--- RECORDS FOR THIS TASK ---
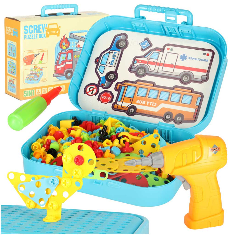 Klocki konstrukcyjne układanka w walizce kreatywna mozaika + wkrętarka pojazdy
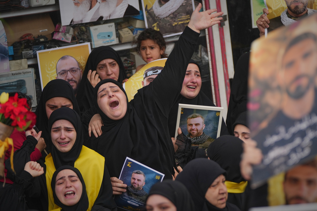 Women mourn during a mass funeral procession for Hezbollah fighters killed before the ceasefire in the war with Israel in the southern village of Kfar Sir, Lebanon, Tuesday, April 21, 2026. (Photo: AP)
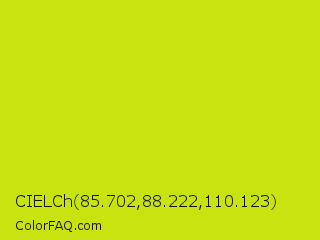 CIELCh 85.702,88.222,110.123 Color is a normal yellow color and the nearest color is Las Palmas #c6e610. Hex code #c9e310 and RGB value is rgb(201,227,16). In RGB color space, this color is composed of 79% red, 89% green, 6% blue, In CMYK color space, this color is composed of 11% cyan, 0% magenta, 93% yellow , 11% black , In HSL color space, this color has a hue angle of 67° , 87% saturation and 48% lightness.
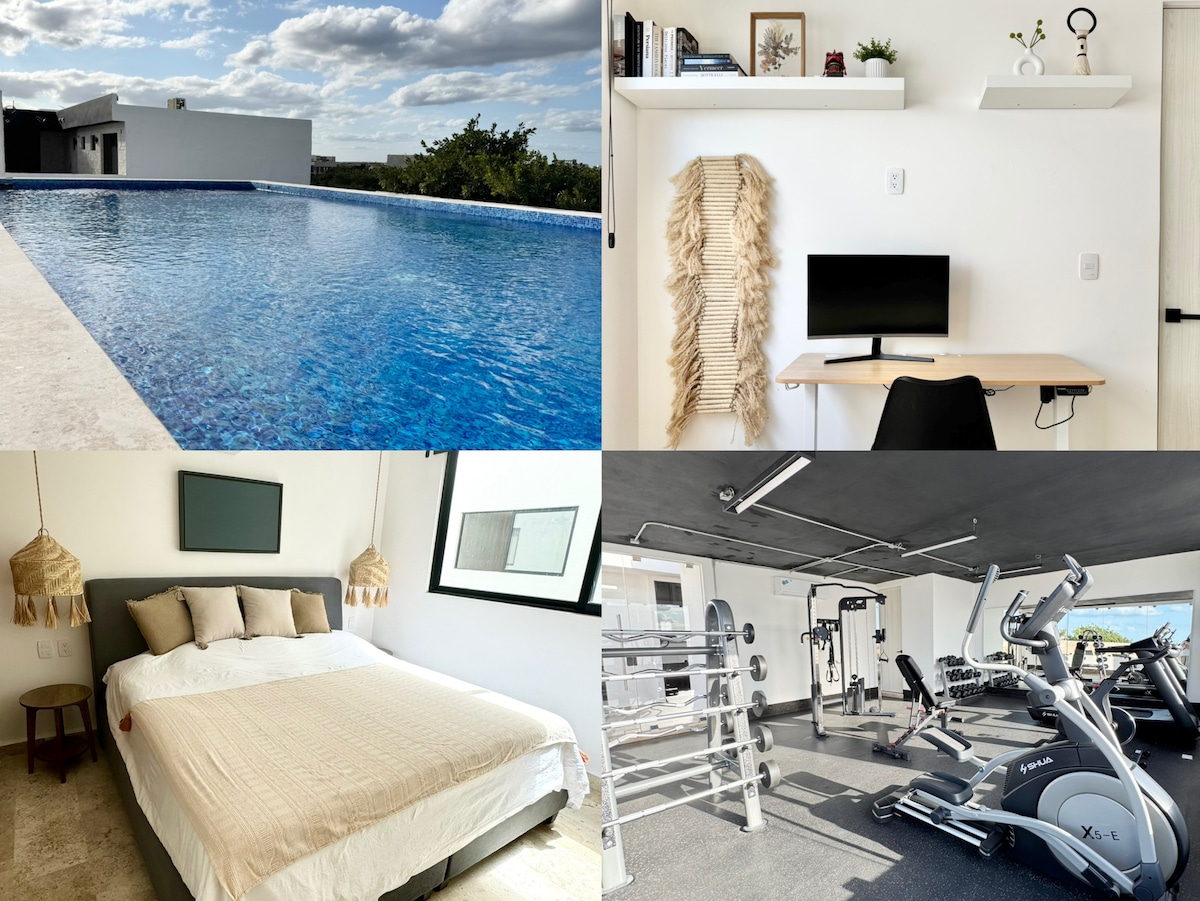 Apartamento de luxo em Aldea Zama. A 7 minutos de carro da praia, a 5 minutos de carro do Centro de Tulum, a uma curta distância a pé de restaurantes e lojas em Aldea Zama. Móveis locais e de alta qualidade criam um ambiente limpo e artístico. Piscina privada e estacionamento subterrâneo. Duas bicicletas gratuitas. O seu próprio teatro desce do teto com o clique de um botão. Cozinha totalmente equipada, TVs, Jogos. Nem vai precisar de sair.
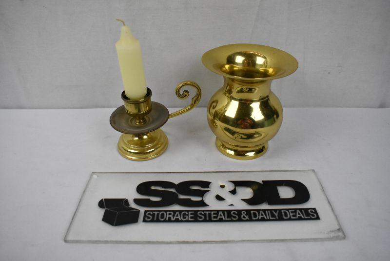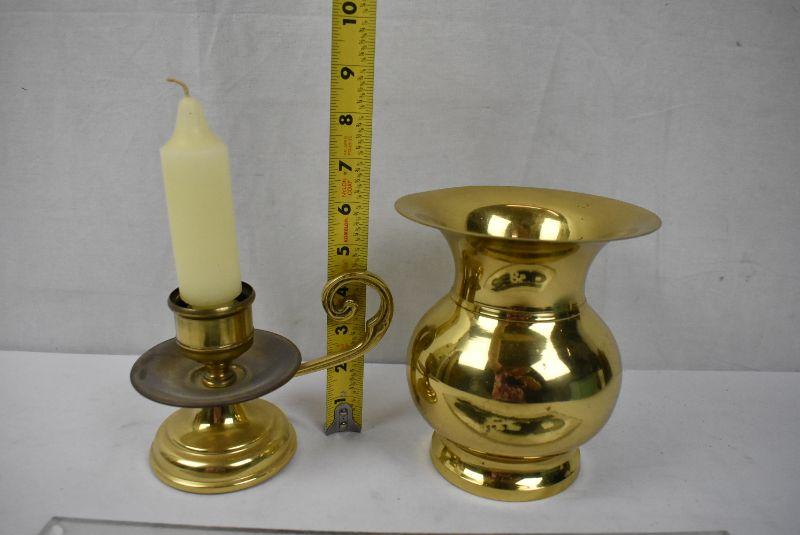 2 pc Brass Decor: Candle Holder & Vase
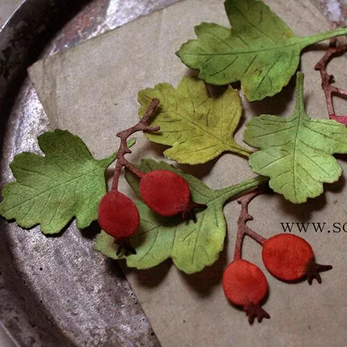 В наборе 3 ножа. Размер большого листика 5х3,5 см, маленького - 4х3 см, ягод - 4,5х2,5 см. Линии на лепестках - это прожилки (тиснение). Специальный инструмент не требуется, тиснение происходит одновременно с вырубкой
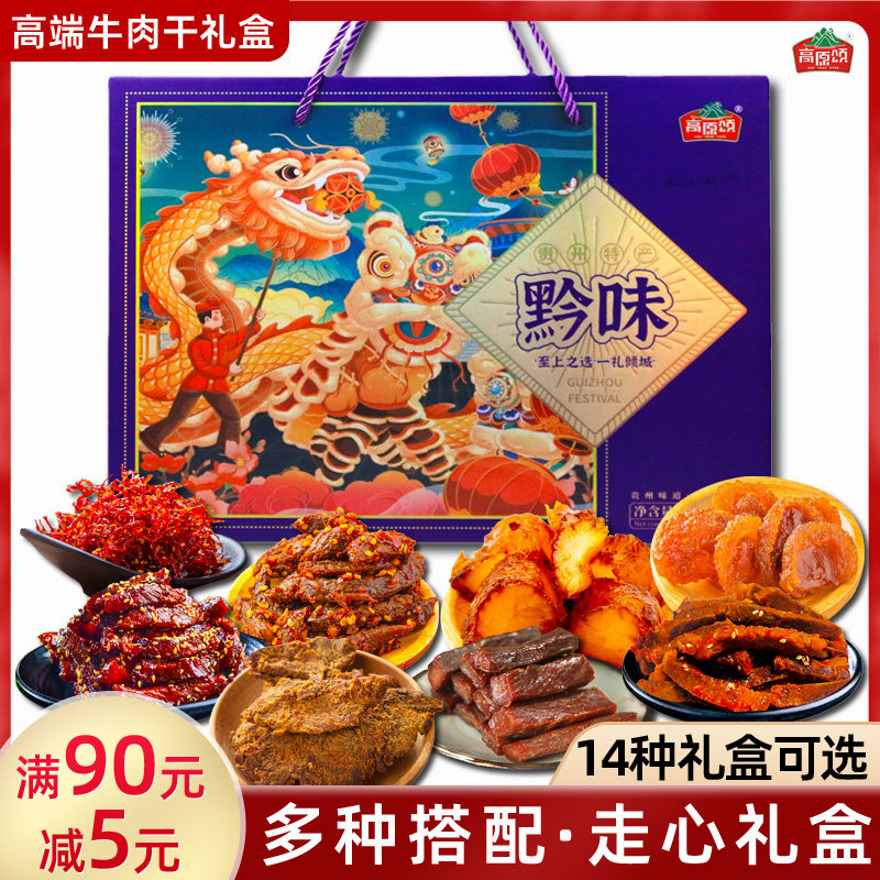 湖北九州 恩施思乐牛肉干1200g礼盒 经典红盒 山地黄牛黄盒麻辣味
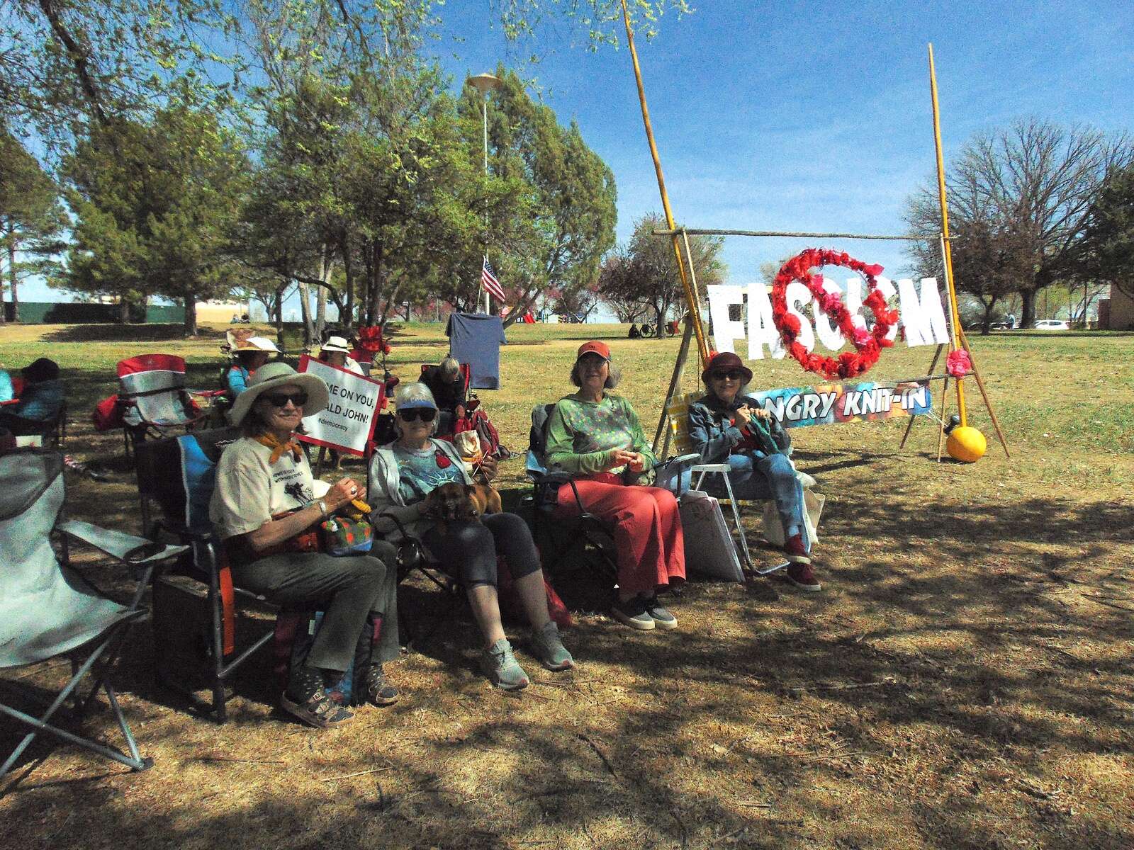 Organizers of Cortez’s Angry Knit-In, a gathering of fiber arts enthusiasts opposing many Trump administration policies, showed up for similar reasons. They sat in lawn chairs and knit red hats, alluding to historic Norwegian headwear protesting the Nazi occupation.
---
DESCRIPTION OF THE TASK. The copy should hold exactly the lines above from the one with "Women mourn during" through the one with "CIELCh 85.702,88.222,110.123 Color", both ends counted, and no pictures at all.

ANSWER BOX.
 Women mourn during a mass funeral procession for Hezbollah fighters killed before the ceasefire in the war with Israel in the southern village of Kfar Sir, Lebanon, Tuesday, April 21, 2026. (Photo: AP)
 CIELCh 85.702,88.222,110.123 Color is a normal yellow color and the nearest color is Las Palmas #c6e610. Hex code #c9e310 and RGB value is rgb(201,227,16). In RGB color space, this color is composed of 79% red, 89% green, 6% blue, In CMYK color space, this color is composed of 11% cyan, 0% magenta, 93% yellow , 11% black , In HSL color space, this color has a hue angle of 67° , 87% saturation and 48% lightness.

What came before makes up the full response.